Pernyataan Gubernur Jawa Barat Ahmad Heryawan yang mendukung deklarasi gerakan anti-Syiah merupakan blunder besar. Sikap itu bisa menjadi bom waktu yang bisa menyulut tindakan kekerasan yang luas. Tindakan tersebut tak bisa ditenggang. Sebagai kepala daerah, Ahmad Heryawan semestinya menjamin hak asasi seluruh warganya, termasuk hak untuk memilih keyakinan.
Yang dilakukan Ahmad Heryawan sungguh tak bisa diterima akal sehat. Senin lalu, dia memang urung hadir dalam acara deklarasi Aliansi Nasional Anti-Syiah di Masjid Al-Fajr, Cijagra, Bandung. Namun Aher--panggilan Ahmad Heryawan--mengirim utusannya, Asisten Kesra Provinsi Jawa Barat Ahmad Hadadi. Dalam sambutan tertulis yang dibacakan oleh Ahmad Hadadi, Aher menyatakan, "Kami dari Pemerintah Provinsi Jawa Barat memberikan dukungan kepada seluruh umat Islam yang senantiasa memelihara nilai-nilai kebaikan, nilai-nilai keislaman, sehingga nilai-nilai itu tidak ternodai dengan ajaran-ajaran sesat."
Ajaran sesat menurut siapa? Soal hak asasi berkeyakinan dan jaminan perlindungan terhadap kaum minoritas, semestinya Ahmad Heryawan sudah mafhum. Konstitusi Pasal 28E ayat 1 Undang-Undang Dasar 1945 jelas menyatakan bahwa kebebasan memeluk agama dan beribadat menurut agamanya merupakan hak yang dijamin oleh negara. Namun, anehnya, Ahmad Heryawan justru menentang hal itu.
Boleh saja secara pribadi Ahmad Heryawan tak sepaham dengan Syiah, namun sebagai kepala daerah seharusnya ia menjalankan tugas melindungi seluruh warganya tanpa kecuali. Yang harus dilindungi negara bukan hanya kelompok mayoritas. Kelompok minoritas, yang justru membutuhkan perlindungan, malah tak diayomi, bahkan dibiarkan jadi obyek tindak kekerasan. Pola pikir seperti itu hanya akan mengekalkan tirani mayoritas. Itulah yang terjadi selama ini. Kelompok yang berkeyakinan berbeda, seperti Ahmadiyah dan Syiah, kerap dizalimi, dan aparatur negara tak melindungi mereka.
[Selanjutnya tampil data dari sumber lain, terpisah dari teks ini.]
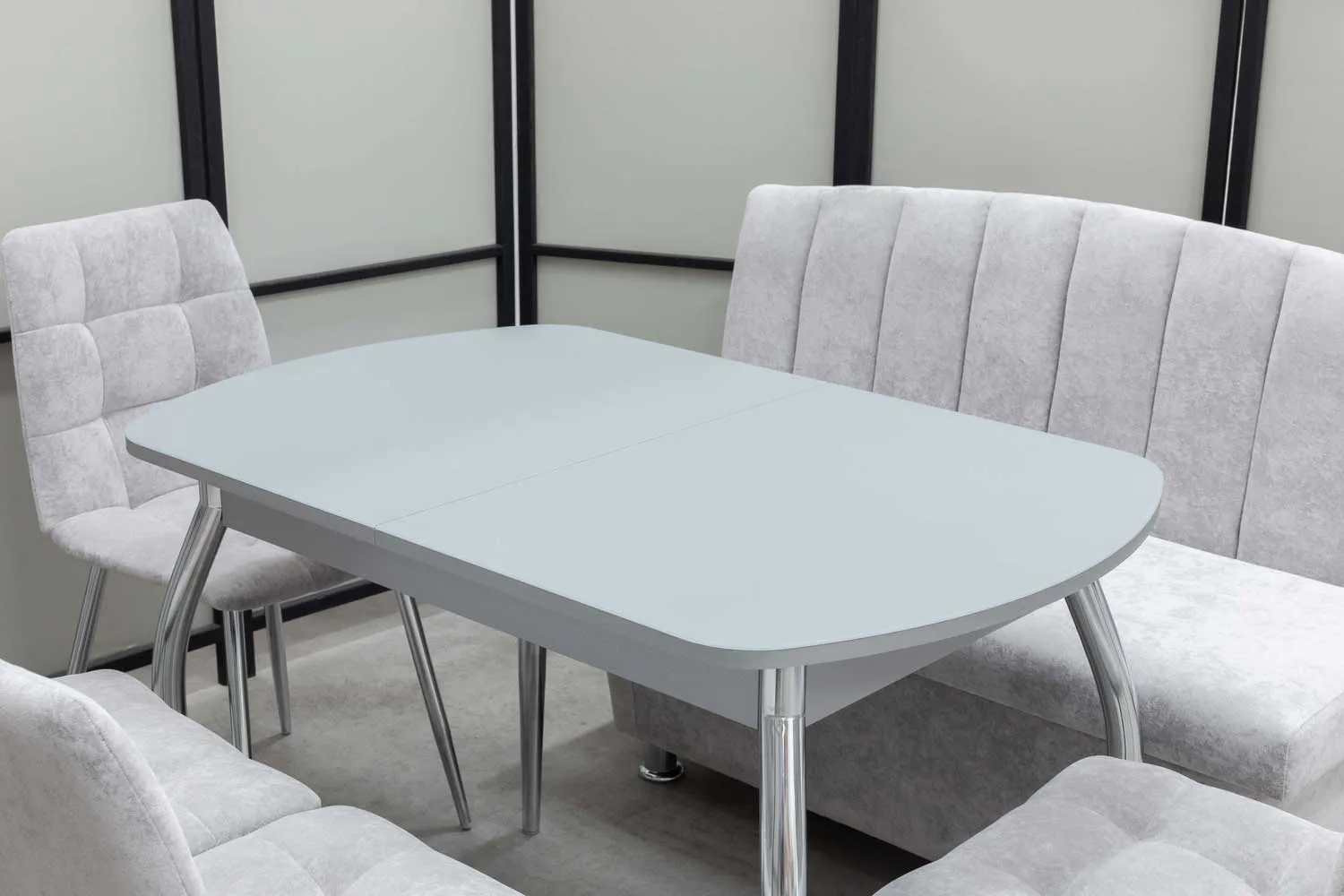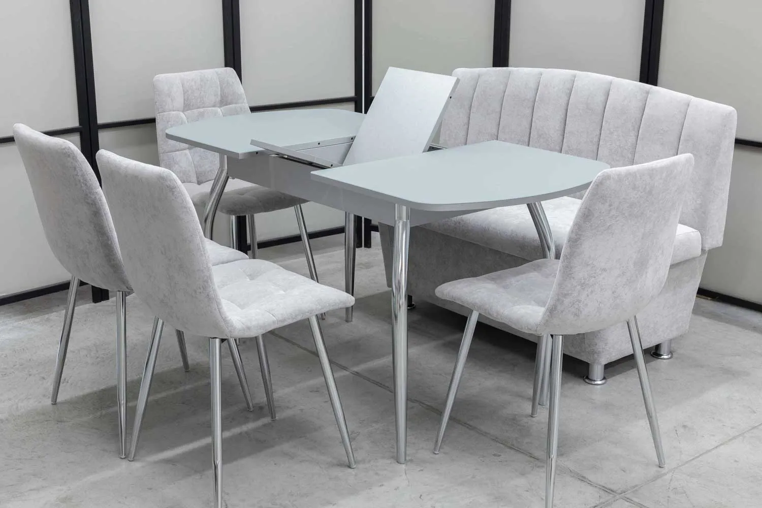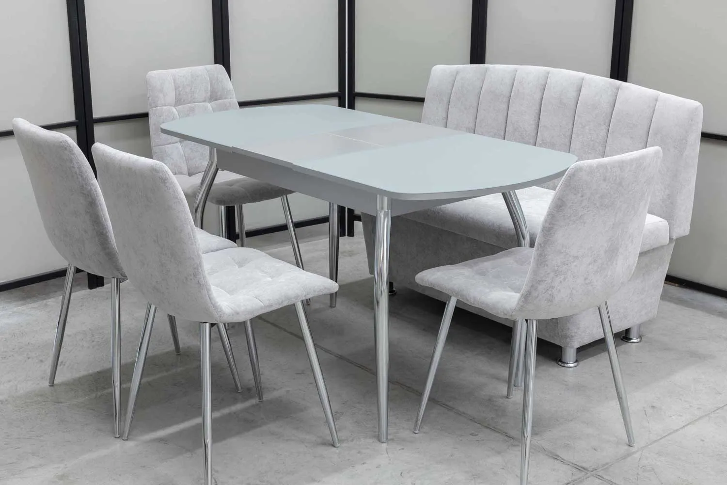 Обеденная группа Альт (диван, стол, 4 стула хром)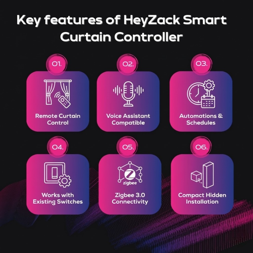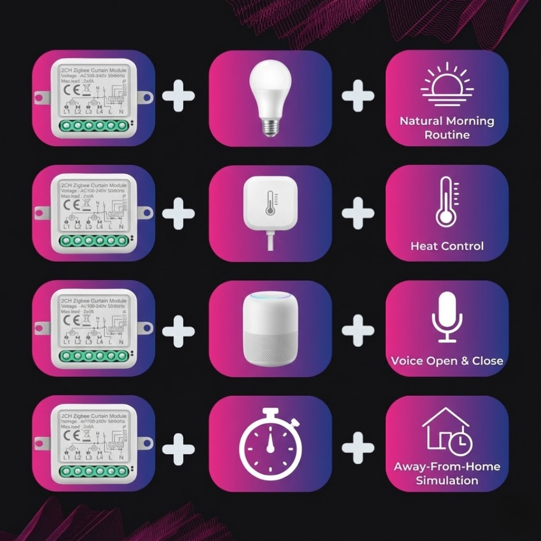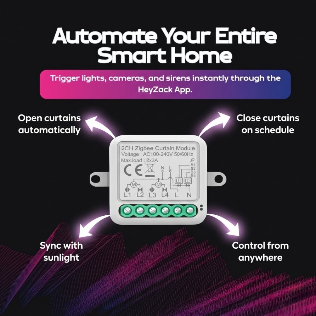 Transform your curtains into intelligent window coverings that respond to your daily rhythm. Open to sunrise, close for privacy, all without lifting a finger.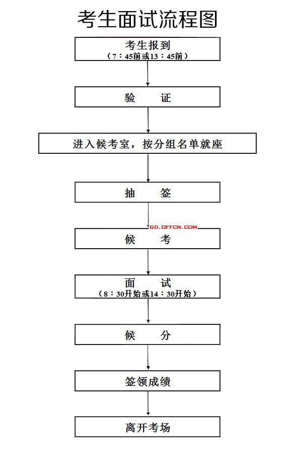 (二)考生須記住個人面試具體時間和所屬組別,按照公務員主管部門公布的面試時間與考場安排,在當天面試開考前45分鐘(即上午7︰45前、下午13︰45前)憑本人筆試準考證和身份證到指定考場報到,參加面試抽簽。《面試考生須知》《考生面試流程圖》見附件3、4。
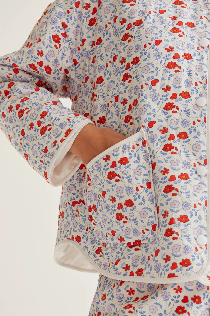 Giacca in tessuto crepé leggero con stampa cute. Girocollo e maniche lunghe. Chiusura frontale con bottoni a pressione bianchi. Tasche laterali. Fodera interna. La modella è alta 177 cm e indossa la taglia S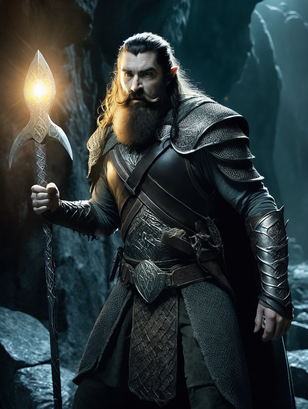 middle earth darven prince, braded beard, strong, battle axe, fire light illumination, ghostly light, dark caves, night, cold light,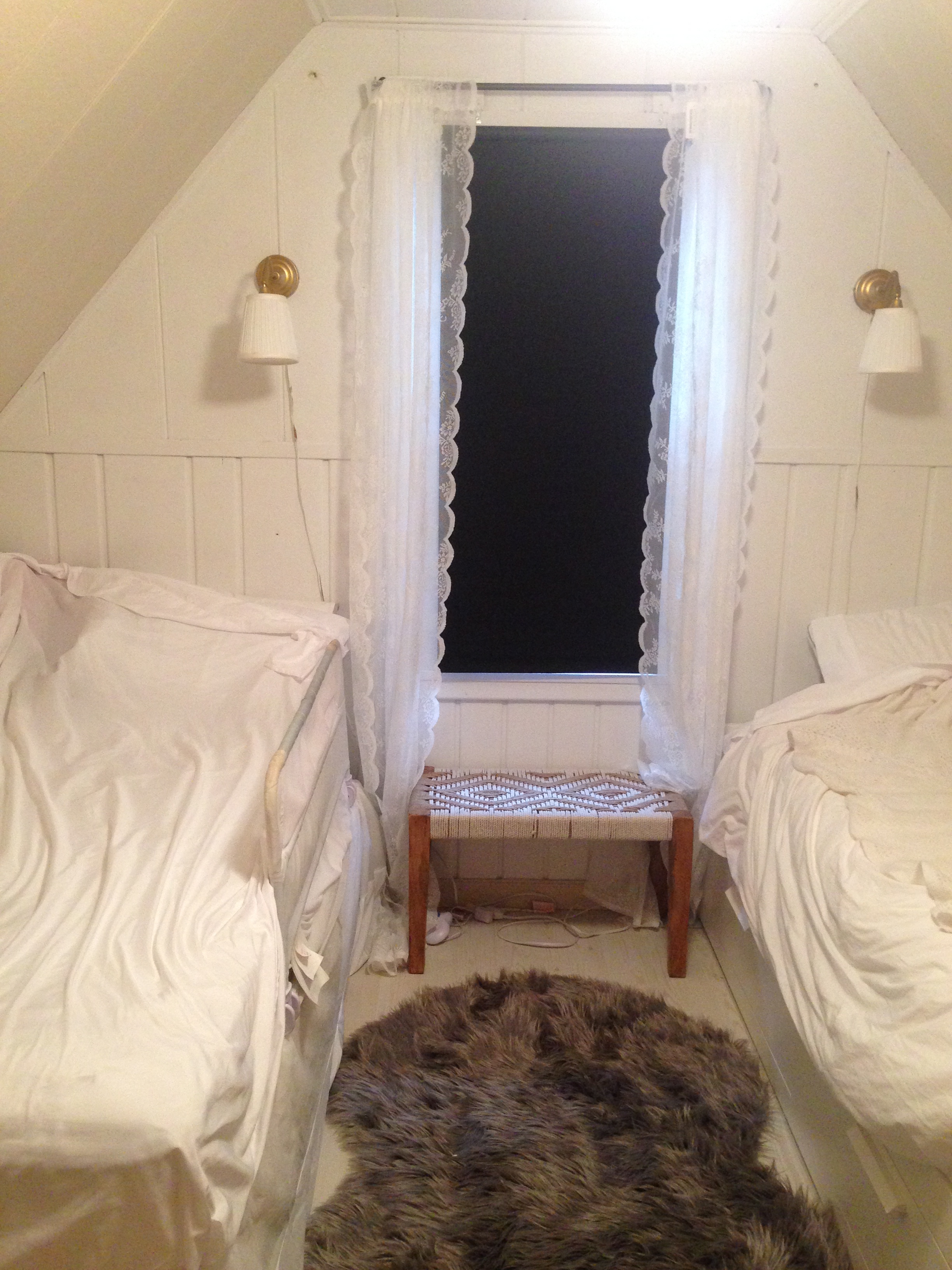 Much as I love before and after pictures we at not at the after stage yet. Below are some middle pictures. The work in progress. Old finishes have been removed The pink wall is now painted white (Glidden white on white from Home Depot) and I lay down a temporary fuzzy rug and made the beds with plain white sheets from Target. The blank canvas is ready!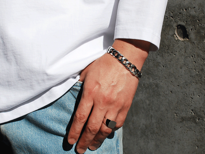 ◆こちらは石無しで細身のオリジナルチェーンを組み上げコーディネートしやすいブレスレットとなります。

Gubernur Jawa Barat harus mencabut pernyataannya itu. Tindakan tersebut telah mengkhianati rakyat dan konstitusi. Dia seharusnya sadar, dukungan seperti itu bisa berdampak fatal. Pengusiran warga Syiah dari Dusun Nangkernang, Sampang, telah menjadi buktinya. Diamnya pemerintah dianggap sebagai dukungan terhadap tindak kekerasan atas warga Syiah. Rumah mereka dibakar, warga diusir bak pesakitan selama berbulan-bulan, jatah makan dan akses air bersih bagi ratusan orang dibatasi. Laporan empat lembaga negara--Komisi Nasional Anti-Kekerasan terhadap Perempuan, Komisi Nasional Hak Asasi Manusia, Komisi Perlindungan Anak Indonesia, serta Lembaga Perlindungan Saksi dan Korban--Agustus tahun lalu sampai menyatakan bahwa penindasan atas kelompok Syiah ini bisa mengarah ke genosida.
Keputusan Ahmad Heryawan ini bisa mengirim sinyal mengkhawatirkan: negara sekali lagi sudah tak mampu memberikan perlindungan terhadap kelompok minoritas. Negara tunduk kepada desakan segerombolan orang yang tidak paham makna toleransi dan punya nafsu mengebiri hak asasi manusia.